Лиза сидела на опрокинутом бурей дереве. На голове ее был шелковый алый платок. В руках — с коротенькими рукавчиками и в перчатках по локоть —дер’ жала она синий зонтик и, от нечего делась, вертела им. Кузовок, совершенно пустой, лежал у ног ее на складках платья.
— Ну, так и есть! — сказала она с недовольным видом,— думаю, кто это кричит на весь лес, так что даже страшно!..
Скандинавцев снял картуз, поклонился, попросил у нее ручку поцеловать и сел подле нее так близко, что она немного отодвинулась.
— Неужели,— спросил он, улыбаясь и глядя на нее искоса,— мы так громко кричали?
— Да как же!.. я думаю, у нас в деревне слышно,— как бы жалуясь, проговорила Лиза.
— Ага! — заметил ей Скандинавцев таким тоном, что она, усмехнувшись невольно, отворотилась.
Я отошел от них шагов на тридцать и стал ходить, шаркая ногами, будто ищу грибы.
Сначала разговор их был заметно шутливый. Скандинавцев ее как будто чем-то поддразнивал. Лиза смеялась, краснела и по временам, потупив глаза, отворачивала от него лицо свое, наконец, стала слушать его, наклонив голову, и вся превратилась в слух и внимание. Разговор, как видно, принял не шуточное направление. Изредка долетали до меня отрывочные восклицания Лизы… ‘Да пусть!..— говорила она.— Э, стоит думать! Да хоть в огонь’.
Мне казалось, я понимал ее, и ребяческой душой глубоко ей сочувствовал.
Мало-помалу удалясь от них, я присоединился к Васе, который, подходя к самым высоким деревьям, смотрел на них как на диковинку: видно, он был в каком-то особенном настроении духа или просто нравился ему блеск вечернего солнца, игравший на осиновых верхушках. Бог его знает, что ему нравилось и что не нравилось.
Где-то дятел принялся крепким носом своим стучать по стволу, где-то за кустами раздавался тихий скрип, как стон умирающего. Старая подрубленная береза с легким шумом потянула к нам остатки жиденьких, на одном только суку уцелевших веток. Одно длинное дерево, сломившись, легло на плечо к другому и, казалось, как будто говорило: ‘Поддержите, братцы,— падаю’.
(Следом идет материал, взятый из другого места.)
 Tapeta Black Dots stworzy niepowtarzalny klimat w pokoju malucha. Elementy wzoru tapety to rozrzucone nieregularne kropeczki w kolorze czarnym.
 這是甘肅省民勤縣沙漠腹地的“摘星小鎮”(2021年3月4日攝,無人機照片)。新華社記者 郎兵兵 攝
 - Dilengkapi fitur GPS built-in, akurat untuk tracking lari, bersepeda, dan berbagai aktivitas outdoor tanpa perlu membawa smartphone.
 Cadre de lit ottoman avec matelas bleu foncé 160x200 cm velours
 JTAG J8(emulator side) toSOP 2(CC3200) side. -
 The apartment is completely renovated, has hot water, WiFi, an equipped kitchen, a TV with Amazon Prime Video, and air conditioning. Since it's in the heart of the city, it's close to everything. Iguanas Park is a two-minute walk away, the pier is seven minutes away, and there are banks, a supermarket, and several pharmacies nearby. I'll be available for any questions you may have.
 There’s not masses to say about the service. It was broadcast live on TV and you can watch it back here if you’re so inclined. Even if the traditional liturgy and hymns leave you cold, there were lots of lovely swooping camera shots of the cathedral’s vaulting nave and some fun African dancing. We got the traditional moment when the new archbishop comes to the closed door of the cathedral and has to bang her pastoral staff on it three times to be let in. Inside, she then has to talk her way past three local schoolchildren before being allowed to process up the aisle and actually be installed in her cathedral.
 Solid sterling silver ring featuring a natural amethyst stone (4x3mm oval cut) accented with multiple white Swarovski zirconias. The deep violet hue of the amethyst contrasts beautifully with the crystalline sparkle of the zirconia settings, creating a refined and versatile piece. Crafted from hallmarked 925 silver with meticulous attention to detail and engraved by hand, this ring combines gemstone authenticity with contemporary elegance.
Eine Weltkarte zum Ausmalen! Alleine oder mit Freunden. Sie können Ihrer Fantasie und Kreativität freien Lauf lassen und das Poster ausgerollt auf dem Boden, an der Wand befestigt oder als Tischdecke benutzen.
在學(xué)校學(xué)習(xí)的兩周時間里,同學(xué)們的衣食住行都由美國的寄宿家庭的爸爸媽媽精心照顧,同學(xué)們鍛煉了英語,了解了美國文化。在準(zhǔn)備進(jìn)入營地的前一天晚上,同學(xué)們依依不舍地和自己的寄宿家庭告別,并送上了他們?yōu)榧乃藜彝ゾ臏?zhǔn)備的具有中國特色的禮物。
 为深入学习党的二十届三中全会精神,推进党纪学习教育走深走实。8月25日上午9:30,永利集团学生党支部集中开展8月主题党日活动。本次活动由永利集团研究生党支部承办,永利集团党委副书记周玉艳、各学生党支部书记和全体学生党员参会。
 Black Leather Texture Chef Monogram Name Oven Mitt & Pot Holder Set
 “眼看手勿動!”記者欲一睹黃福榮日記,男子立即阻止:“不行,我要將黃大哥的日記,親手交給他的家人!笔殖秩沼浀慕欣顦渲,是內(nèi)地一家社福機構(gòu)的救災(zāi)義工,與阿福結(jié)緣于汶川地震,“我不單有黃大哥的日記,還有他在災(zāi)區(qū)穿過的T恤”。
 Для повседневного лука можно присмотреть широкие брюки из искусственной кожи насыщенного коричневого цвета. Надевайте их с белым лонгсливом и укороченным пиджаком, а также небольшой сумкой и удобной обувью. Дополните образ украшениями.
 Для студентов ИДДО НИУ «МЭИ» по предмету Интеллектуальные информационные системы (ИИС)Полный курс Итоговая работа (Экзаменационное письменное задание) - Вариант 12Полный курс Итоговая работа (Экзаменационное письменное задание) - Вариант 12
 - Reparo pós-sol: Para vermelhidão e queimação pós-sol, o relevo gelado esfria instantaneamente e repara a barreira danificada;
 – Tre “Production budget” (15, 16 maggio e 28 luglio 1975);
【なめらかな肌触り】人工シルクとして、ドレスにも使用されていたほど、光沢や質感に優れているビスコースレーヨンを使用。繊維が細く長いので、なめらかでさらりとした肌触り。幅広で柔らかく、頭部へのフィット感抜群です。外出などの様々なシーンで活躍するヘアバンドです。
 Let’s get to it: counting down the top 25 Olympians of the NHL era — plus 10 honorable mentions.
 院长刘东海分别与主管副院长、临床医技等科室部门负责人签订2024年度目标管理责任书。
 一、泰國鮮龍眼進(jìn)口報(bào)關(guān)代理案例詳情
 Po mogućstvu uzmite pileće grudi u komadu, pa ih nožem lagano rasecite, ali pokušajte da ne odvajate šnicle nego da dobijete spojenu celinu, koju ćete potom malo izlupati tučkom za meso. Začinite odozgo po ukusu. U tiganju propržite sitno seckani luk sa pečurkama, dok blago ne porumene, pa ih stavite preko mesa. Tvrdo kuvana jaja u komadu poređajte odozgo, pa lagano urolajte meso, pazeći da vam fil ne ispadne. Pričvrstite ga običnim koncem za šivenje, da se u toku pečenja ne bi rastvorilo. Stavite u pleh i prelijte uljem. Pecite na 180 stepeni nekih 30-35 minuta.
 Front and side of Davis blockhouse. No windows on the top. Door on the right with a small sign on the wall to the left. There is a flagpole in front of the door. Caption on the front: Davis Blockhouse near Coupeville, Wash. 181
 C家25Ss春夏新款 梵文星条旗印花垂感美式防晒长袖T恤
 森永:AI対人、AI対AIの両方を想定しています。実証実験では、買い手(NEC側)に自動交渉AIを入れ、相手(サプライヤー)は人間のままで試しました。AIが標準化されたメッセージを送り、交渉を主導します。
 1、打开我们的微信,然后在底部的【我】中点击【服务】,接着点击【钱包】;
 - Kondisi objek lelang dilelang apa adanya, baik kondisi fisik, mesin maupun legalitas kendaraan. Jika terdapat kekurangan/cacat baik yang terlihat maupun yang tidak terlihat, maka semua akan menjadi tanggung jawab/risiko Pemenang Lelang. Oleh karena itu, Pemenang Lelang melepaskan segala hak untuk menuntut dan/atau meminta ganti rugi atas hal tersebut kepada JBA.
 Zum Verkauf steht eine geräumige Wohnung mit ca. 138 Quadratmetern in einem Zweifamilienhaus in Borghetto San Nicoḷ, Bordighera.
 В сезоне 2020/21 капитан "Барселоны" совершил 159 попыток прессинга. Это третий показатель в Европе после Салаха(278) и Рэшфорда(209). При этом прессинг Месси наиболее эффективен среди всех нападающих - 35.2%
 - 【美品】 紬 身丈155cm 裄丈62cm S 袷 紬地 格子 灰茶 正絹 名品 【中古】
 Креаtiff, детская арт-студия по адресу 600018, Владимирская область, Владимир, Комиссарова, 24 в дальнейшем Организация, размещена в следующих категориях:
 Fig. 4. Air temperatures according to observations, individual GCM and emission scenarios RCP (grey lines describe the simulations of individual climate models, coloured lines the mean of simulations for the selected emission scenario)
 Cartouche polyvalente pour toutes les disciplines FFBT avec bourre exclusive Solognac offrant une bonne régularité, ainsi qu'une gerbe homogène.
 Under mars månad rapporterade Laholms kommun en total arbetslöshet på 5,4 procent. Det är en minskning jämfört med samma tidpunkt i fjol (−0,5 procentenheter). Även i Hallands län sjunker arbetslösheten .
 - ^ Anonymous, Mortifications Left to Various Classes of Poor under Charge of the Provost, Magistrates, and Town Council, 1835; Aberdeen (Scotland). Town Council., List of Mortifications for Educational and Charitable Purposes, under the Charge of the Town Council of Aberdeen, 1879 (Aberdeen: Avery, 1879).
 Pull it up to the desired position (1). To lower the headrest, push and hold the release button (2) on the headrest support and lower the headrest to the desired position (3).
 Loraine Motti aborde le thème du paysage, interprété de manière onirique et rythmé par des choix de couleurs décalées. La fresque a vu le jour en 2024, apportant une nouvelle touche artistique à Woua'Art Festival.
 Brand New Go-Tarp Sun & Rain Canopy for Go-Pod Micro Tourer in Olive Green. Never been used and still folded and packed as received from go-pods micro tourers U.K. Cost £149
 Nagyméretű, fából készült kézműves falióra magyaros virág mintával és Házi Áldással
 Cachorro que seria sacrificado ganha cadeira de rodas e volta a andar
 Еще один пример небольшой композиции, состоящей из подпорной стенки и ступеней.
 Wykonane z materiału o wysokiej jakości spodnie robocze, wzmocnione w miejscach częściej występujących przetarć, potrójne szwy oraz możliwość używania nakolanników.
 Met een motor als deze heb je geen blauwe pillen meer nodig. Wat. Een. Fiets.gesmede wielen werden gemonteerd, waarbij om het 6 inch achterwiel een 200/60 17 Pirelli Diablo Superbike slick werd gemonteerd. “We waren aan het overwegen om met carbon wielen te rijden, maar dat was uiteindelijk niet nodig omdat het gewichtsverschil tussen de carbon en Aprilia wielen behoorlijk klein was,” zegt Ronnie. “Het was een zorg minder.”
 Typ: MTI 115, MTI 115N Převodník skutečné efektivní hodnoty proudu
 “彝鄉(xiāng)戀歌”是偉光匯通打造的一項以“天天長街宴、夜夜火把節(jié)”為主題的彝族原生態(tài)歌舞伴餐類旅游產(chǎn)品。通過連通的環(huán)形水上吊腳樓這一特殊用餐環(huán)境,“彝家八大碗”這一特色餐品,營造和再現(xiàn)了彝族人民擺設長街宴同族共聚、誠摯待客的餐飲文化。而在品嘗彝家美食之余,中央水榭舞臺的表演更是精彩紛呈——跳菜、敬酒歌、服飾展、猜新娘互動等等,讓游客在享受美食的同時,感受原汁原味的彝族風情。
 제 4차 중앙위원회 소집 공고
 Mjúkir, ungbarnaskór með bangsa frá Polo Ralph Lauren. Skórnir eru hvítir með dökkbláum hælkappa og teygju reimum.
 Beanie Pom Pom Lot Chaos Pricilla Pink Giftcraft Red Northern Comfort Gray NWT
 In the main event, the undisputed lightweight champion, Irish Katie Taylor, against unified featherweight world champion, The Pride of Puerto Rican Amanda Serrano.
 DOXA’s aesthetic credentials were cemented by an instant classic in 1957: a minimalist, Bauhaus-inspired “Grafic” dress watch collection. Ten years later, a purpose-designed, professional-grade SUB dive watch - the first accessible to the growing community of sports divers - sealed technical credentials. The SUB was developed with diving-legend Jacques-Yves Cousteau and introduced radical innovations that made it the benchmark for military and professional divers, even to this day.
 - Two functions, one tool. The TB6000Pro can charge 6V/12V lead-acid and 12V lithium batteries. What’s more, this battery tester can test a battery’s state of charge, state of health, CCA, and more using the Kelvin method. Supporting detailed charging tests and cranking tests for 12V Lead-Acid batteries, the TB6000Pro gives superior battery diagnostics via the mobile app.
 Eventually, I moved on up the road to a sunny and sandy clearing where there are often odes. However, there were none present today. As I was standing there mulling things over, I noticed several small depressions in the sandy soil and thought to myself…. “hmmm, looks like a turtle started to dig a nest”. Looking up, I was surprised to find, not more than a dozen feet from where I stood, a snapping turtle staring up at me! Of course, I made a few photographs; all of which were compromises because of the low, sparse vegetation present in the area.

— Ау! где вы? — раздался голос Скандинавцева.
— Здесь, здесь! — закричал я.
Из-за кустов показалась Лиза.
— Пора домой,— сказала она Хохлову.
— Прощайте! — сказал ей Скандинавцев.— Пижон!— крикнул он и исчез, прежде чем нашли мы Аксинью, старуху, которая по праздникам любила клюкнуть, а в будни спать,— но и во сне и наяву ей все мерещились свадьбы. ‘Уж поплясала бы я, матушка Лизавета Антоновна’,— не раз говорила она, разводя руками. И Лиза любила ее за то, что она, как кума ее, меньше других на нее сплетничала.
Хохлов отыскал Андрюшу, и мы с кузиной двинулись. Лиза шла молча, погруженная в глубокую задумчивость, и очнулась, когда мы подошли к гумнам, из-за которых светились озаренные вечерним солнцем трубы и знакомый мне чердак с слуховыми окнами.
— Положи мне в кузов несколько грибков,— сказала она Андрюше,— дома я отдам тебе.
Андрюша уступил ей три гриба.
— Я вам гнилые дам, а вот эти я не дам,— сказал он, сортируя грибы и скаля зубы от радости, что его котомка полнее всех.
— Что вы нынче такой скучный? — спросила меня Лиза, вполне довольная тремя грибами.
Я увидел, что мы пошли сзади всех, отстали и что никто не может слышать нас.
— Кузина,— сказал я с чувством,— вы думаете, что я не желаю вам счастья.
— А что?
— Так.
— Нет, скажите, что вы думаете?
— Я думаю, что вы любите, и, быть может…
— Кого я люблю?
— Скандинавцева.
— Ну, да, я люблю его,— сказала она, подумавши, и улыбнулась.
Никогда я не забуду этой улыбки, я понял после, как она была насмешлива.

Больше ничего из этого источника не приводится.